Ce magistrat a rendu compte des plaidoiries dans le délibéré de la cour, composée de :
Madame Florence DUBOIS-STEVANT, Présidente,
Madame Gwenael COUGARD, Conseillère,
Madame Nathalie GAUTRON-AUDIC, Conseillère,
Greffier, lors des débats : M. Hugo BELLANCOURT,
Exposé du litige
La société DIL est titulaire d’un bail commercial, à effet du 1er janvier 2017, portant sur des locaux destinés à l’activité de « café, liquoriste, brasserie », situés [Adresse 7] et [Adresse 3] à [Localité 10].
Le 7 janvier 2011, elle a souscrit auprès de la société Axa France Iard (ci-après Axa) une police d’assurance multirisque professionnelle n°4892186504 comportant une garantie des pertes d’exploitation, prenant effet au 15 novembre 2010, laquelle a été actualisée à effet du 1er janvier 2018 pour tenir compte de la mise en place d’une location-gérance.

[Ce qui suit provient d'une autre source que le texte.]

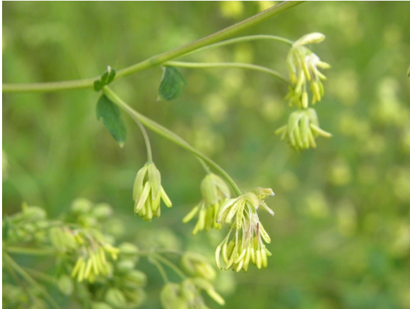
Abb. 5: Thalictrum minus subsp. pratense (G. Falk).
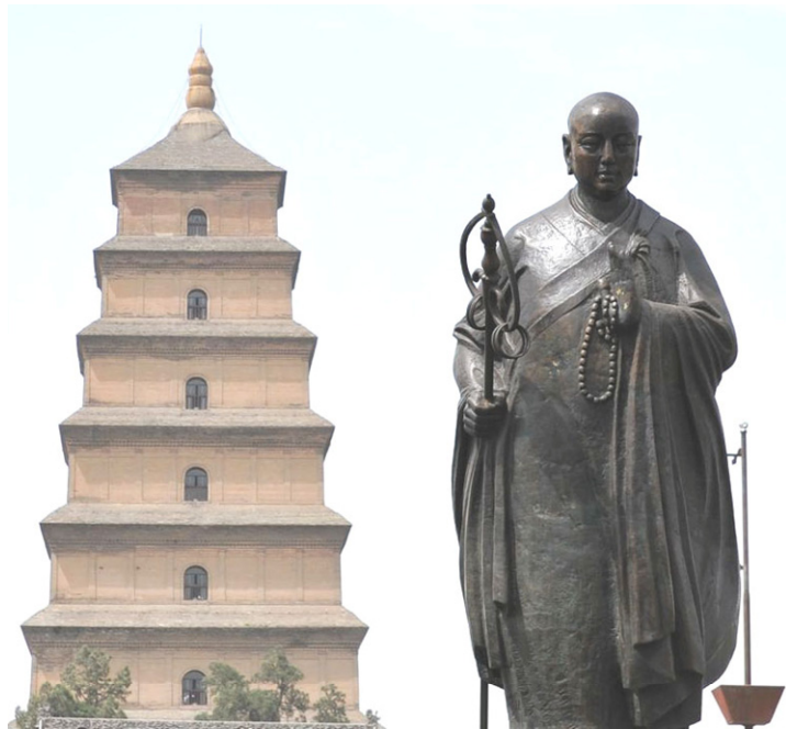
西安大雁塔前的玄奘塑像
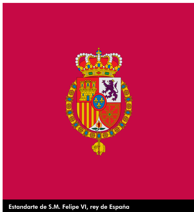
Estandarte de S.M. Felipe VI, rey de España

".... pague a Nicolau Rodenes per una vara de tafetà encarnat pera una bandera para la companyia de cavalls y de pintar en ella les armes de la villa."
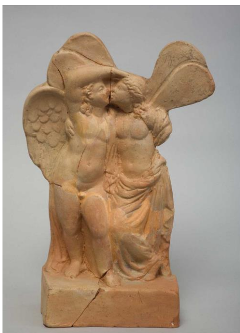
Slika 11. Terakota s prikazom Erosa i Psihe
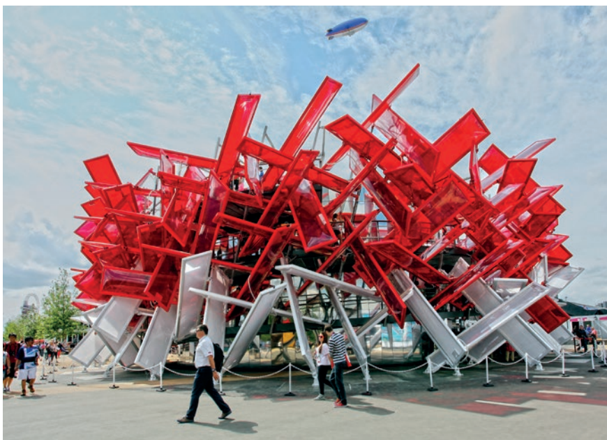
Coca-Cola «Beatbox», Olympische Spiele London
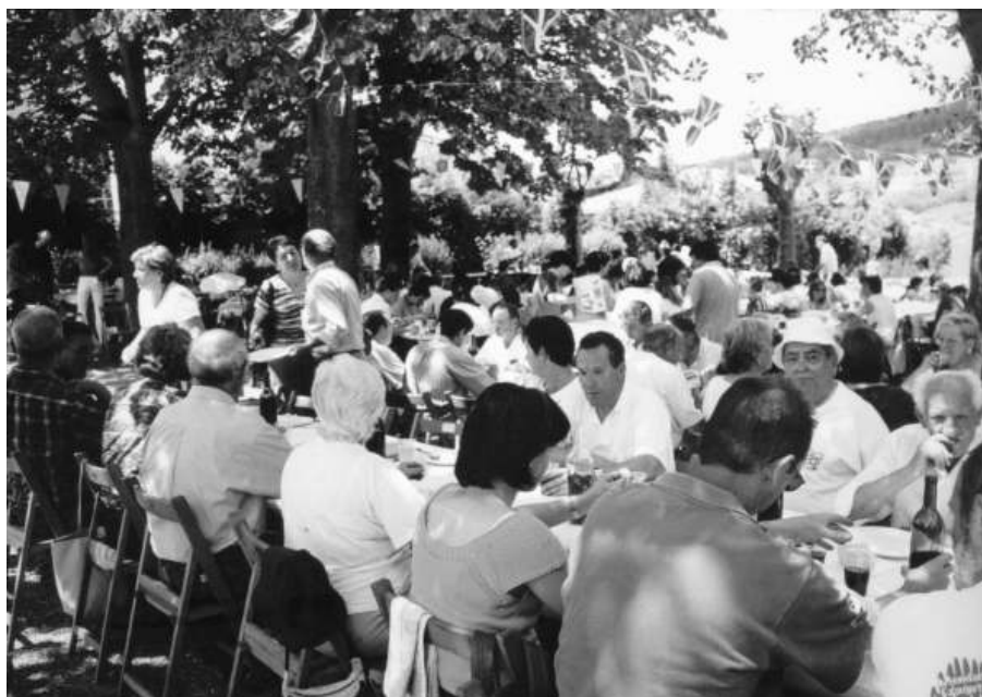
Momento de la comida popular en los alrededores de la ermita (2002).
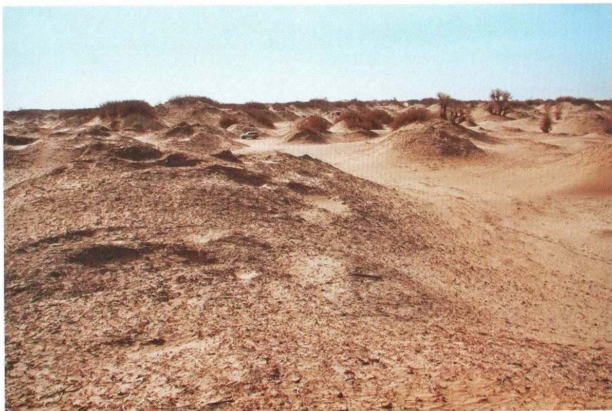
喀拉喀得干佛寺全景

Le 29 juin 2019, la société DIL a conclu avec la société MP un contrat de location-gérance portant sur le fonds de commerce exploité dans les locaux sous l’enseigne « Le jardin de la garenne » et ce, pour une durée de deux ans à compter du 1er juillet 2019, durée reconduite depuis tacitement.
Par arrêtés des 14 et 15 mars 2020 portant diverses mesures relatives à la lutte contre la propagation du virus Covid-19, le ministère des solidarités et de la santé a fait interdiction aux restaurants et débits de boissons de recevoir du public, à compter du 15 mars 2020.
Par courrier du 17 mars 2020, suite à la fermeture de son établissement, la société DIL a effectué une déclaration de sinistre auprès de son courtier au titre de la « fermeture administrative correspondant à la garantie de l’intercalaire CBA pertes d’exploitation ». Par courrier du 19 avril 2020, la société MP a confirmé « la demande d’ouverture d’un sinistre fermeture administrative ».
N’ayant pas accepté une proposition d’indemnisation transactionnelle forfaitaire, les sociétés DIL et MP ont, par acte du 27 août 2021, assigné la société Axa en paiement d’une somme de 948.871,54 euros, à parfaire, au titre des pertes d’exploitation subies, outre celle de 15.000 euros à titre de dommages-intérêts pour résistance abusive.
Par jugement du 24 février 2023, le tribunal de commerce de Nanterre a :
— débouté la société Axa de sa demande visant à voir rejetées les demandes formées à son encontre par la société DIL et dit que cette dernière a un intérêt à agir dans la présente affaire et que ses demandes à ce titre sont recevables ;
— débouté la société MP et la société DIL de leur demande visant à voir la garantie pertes d’exploitation acquise en leur faveur sur une période de 18 mois par sinistre, de leurs demandes visant à voir la société Axa condamnée à leur payer les sommes de (i) 150.000 euros à titre de provision et, (ii) 948.871,54 euros au titre de l’indemnité de pertes d’exploitation, outre celle de 15.000 euros à titre de dommages et intérêts pour résistance abusive ;
— condamné la société MP à payer à la société Axa la somme de 1.000 euros au titre de l’article 700 du code de procédure civile ainsi qu’aux dépens.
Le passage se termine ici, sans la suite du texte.